The SEC issued an “investigative report” describing nine unnamed public companies that lost nearly $100 million, most of which could not be recovered, due to cyber-frauds. While the SEC says it did not charge any of the nine companies with any securities violations, it issued the report to explain the risks companies face and put them on notice they are potentially liable for such instances.

The SEC said the investigations focused specifically on “business e-mail compromises,” where cyber-crooks posed as company executives or vendors and used e-mail to trick someone inside the company into sending money to bank accounts controlled by the fraudsters. Some of the cases involved multiple instances of repeated fund transfers that were detected only by outside law enforcement or other third parties. One company lost $45 million over several weeks through 14 separate wire payments to fake executives. Another company paid $1.5 million on eight separate false invoices over several months.

The SEC says it noticed some common themes in all of the schemes. The frauds were not all that sophisticated in terms of how they were designed or what technology they leveraged. The e-mails often described time-sensitive transactions or deals, some need for secrecy, and sometimes some level of government knowledge or oversight. One scheme even implied the SEC was supervising it. They generally were directed at mid-level personnel, contained little detail, and often involved foreign operations or foreign banks. They also often contained errors in spelling and grammar.

The companies spanned a wide range of sectors, had securities listed on national exchanges, and had substantial revenues. The SEC points this out to demonstrate that virtually any company is a potential target, even well-established companies that presumably otherwise have sound controls.

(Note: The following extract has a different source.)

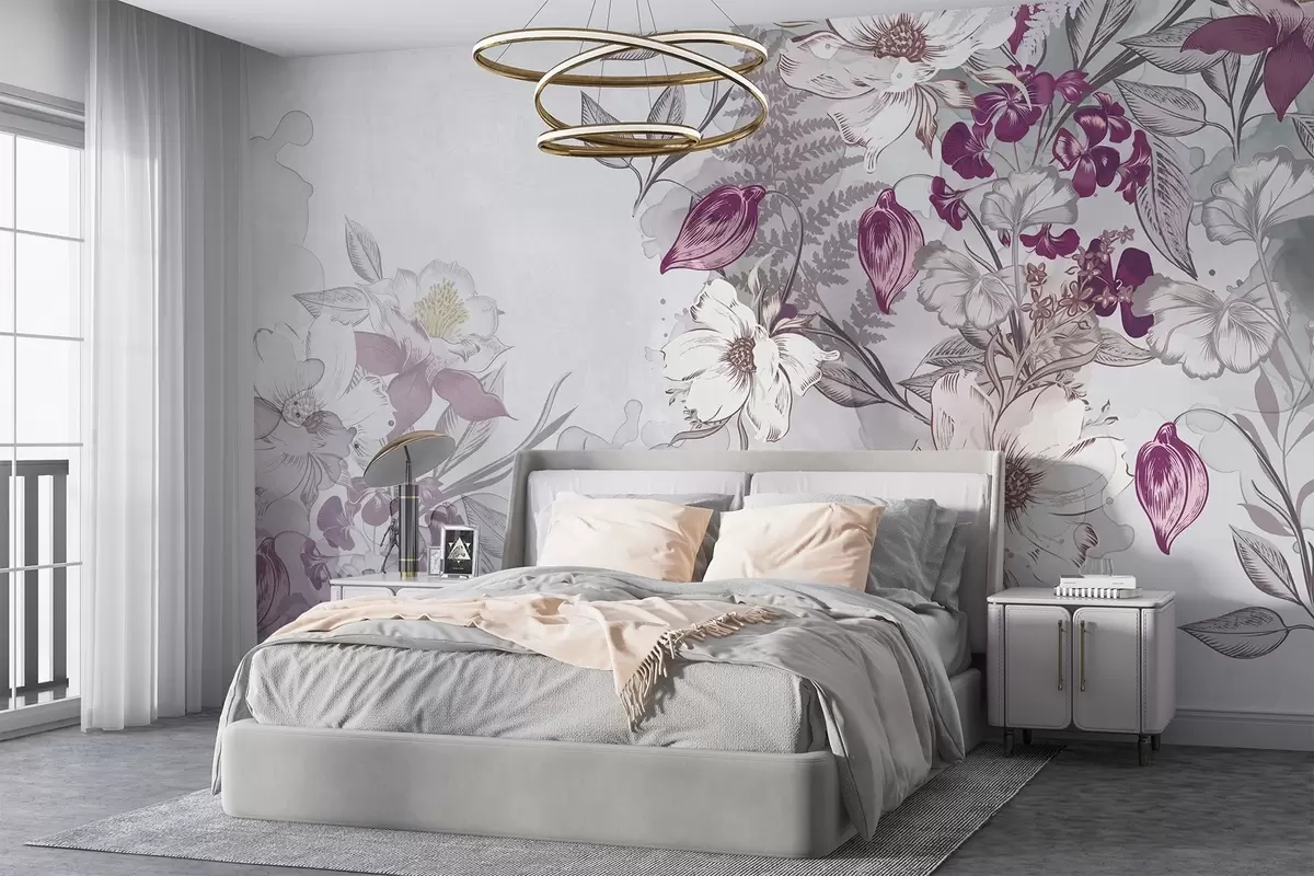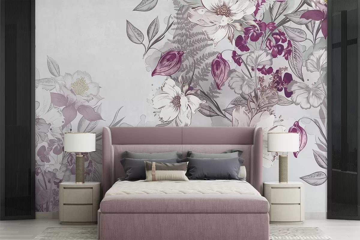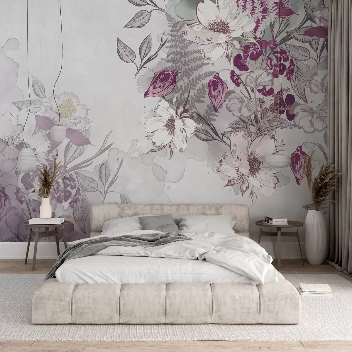 Papier peint Fleurs avec pétales, feuilles et tiges blanches et violettes, effet aquarelle, fond texturé gris clair N° w08899

Provisions of the Securities Exchange Act of 1934 require issuers to maintain accounting controls that provide reasonable assurance that transactions are generally executed with management’s authorization and that includes demonstrating responsible stewardship to protect the company’s assets. “While the cyber-related threats posed to issuers’ assets are relatively new, the expectation that issuers will have sufficient internal accounting controls and that those controls will be reviewed and updated as circumstances warrant is not,” the SEC wrote in its report.